Currently, there are places where astisub behaves in bizarres ways when passed a file that is not UTF-8 encoded.

For example, of the SRT and WebVTT readers, neither seem to explicitly error in this case, but all of the parsing logic doesn't work correctly since the bytes are not represented the same in the source code and the file that is being parsed (i.e UTF16 has the extra \x00 bits per bytes so we can't just check stringA == stringB since there's padding bytes).

So I guess my question is then does this library aim to support these other encodings, or only aims to support the by far more popular UTF-8? There is a notion in the codebase of the bytes order marks that are used by non UTF-8 encodings, but they seem to just be always stripped out and not actually used to check payload encoding. Personally,I think that is perfectly fine thing to not support non-UTF-8 formats, but in that case I do think this codebase might want to make a few changes to check the encoding of what it is being passed i.e a utf.Valid(...) call on the bytes passed in or something like that to distinctly clarify what is and what isn't supported.

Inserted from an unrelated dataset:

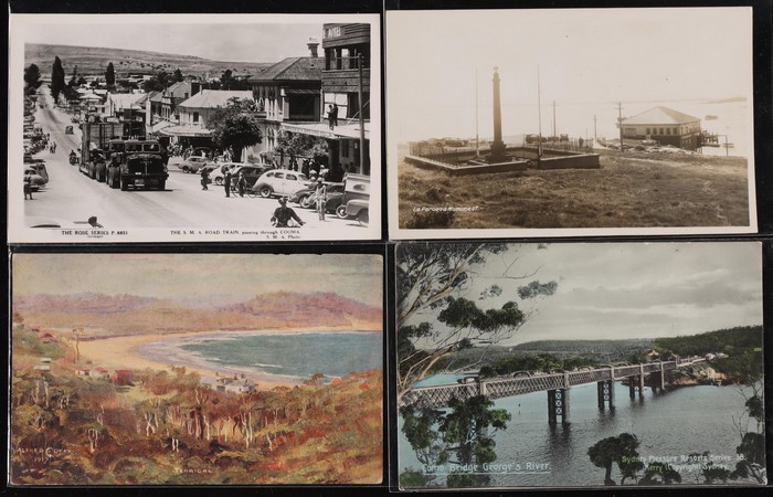 Australia - NSW: South East NSW early 1900s on collection (150) with Southern Coast (60) from Botany to Narooma inc Bulli Pass, Como, Cooma, Blakehurst, Georges River, La Perouse, Maruya & Sylvania. Also Southern Highlands (15) mainly Bowral. Canberra (20) nearly all 1960s-70s real photos, Goulburn (10) inc Auburn Street (3) & Albury (50) mostly 1940s-50s real photos inc Town Views, Street Scenes & City Sites. Mixed UN/U, mostly VF condition. Also 60 mixed medium size commercial photographs inc Kiama, Goulburn, Bowral & Albury. (210 items) (Image1)

The text was updated successfully, but these errors were encountered:

asticode · 2024-10-03T07:30:27Z

To be honest I don't really grasp what would need to be added to handle UTF-16 encoding for instance 🤔

But anyhow, here's what I think:

since this lib can only handle UTF-8, I do agree that it should return an error on reading if the content is not UTF-8
I'm not against adding compatibility with non UTF-8, it will just have to go through PRs

nakkamarra · 2024-10-03T13:23:56Z

@asticode So UTF-16 encoding encodes code points as 16 bit vs UTF-8's code points being 8-bit, so one character will be two bytes vs one byte, so you can imagine a character represented in UTF-8 by the hex value 0x01, it's value in UTF-16 would be 0x01 0x00 big endian or 0x00 0x01 little endian, the BOM in this case dictates the endianness of the encoding (whereas in UTF-8 it's kind of just a placeholder, it is sometimes considered optional).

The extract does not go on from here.